Caracas. Some 1,500 Venezuelan workers, between active and retired from the public administration, demanded on Monday an increase and the dollarization of their “indigence wages”, pulverized by rampant inflation.

“Sign the contract… in dollars”, sang a group of protesters to the rhythm of guaracha with charrasca and drums, who tried to march to the Attorney General’s Office but the police blocked the way.

“Critical poverty. Indigence wages. No to extermination,” read one of the banners. “Together for a living wage”, “It is not blockade, it is looting”.

The ruling Chavismo – which places all the responsibility for the crisis on international sanctions – called in parallel to another demonstration in support of President Nicolás Maduro, who calls himself the “worker president” because of his origins as a union leader and must participate in the act.

Maduro did not announce a minimum wage increase of 130 bolivars, equivalent to $5.25 and the lowest in Latin America, but did announce monthly “war” bonuses of $60.

“I am here to demand as a Venezuelan and as an educator a decent salary, a fair salary (…) that is enough to cover the basic basket,” demanded Lisbeth Verdu, a 39-year-old teacher. “This inflation has us on the floor.”

Maduro decreed the last increase in March 2022, when it went from 7 to 130 bolivars.
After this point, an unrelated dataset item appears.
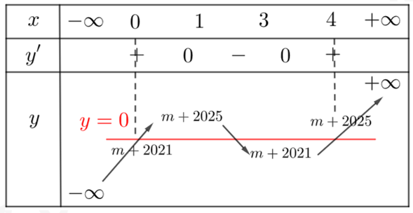 Cho hàm số \(y = {x^3} - 6{x^2} + 9x + m + 2021\) có đồ thị là \(\left( {{C_m}} \right)\) cắt trục hoành

At that time it was equivalent to a little less than 30 dollars, but since then the Venezuelan currency has devalued 82%.

That money is enough for a kilo and a half of chicken thigh, just over two dozen eggs and 2.6 kg of bologna.

“We don’t live, we survive,” says Dary Romero, 50, a hospital nurse where she earns 160 bolivars. “The salary goes away in the passage (of the truck), but we work with a great vocation for service.”

Basic basket

Maduro’s announcement about the $60 bonus is far from the $510 that the basic basket costs, according to private estimates in this country that accumulates year-on-year inflation of 501%, according to the Venezuelan Finance Observatory, a reference given the lack of figures. officers.

“I would like to have the resources to do more, we are doing more with less,” Maduro insisted.

Venezuela has been plunged into a deep economic crisis for years, aggravated by the sanctions that sought the fall of Maduro, which include an oil embargo.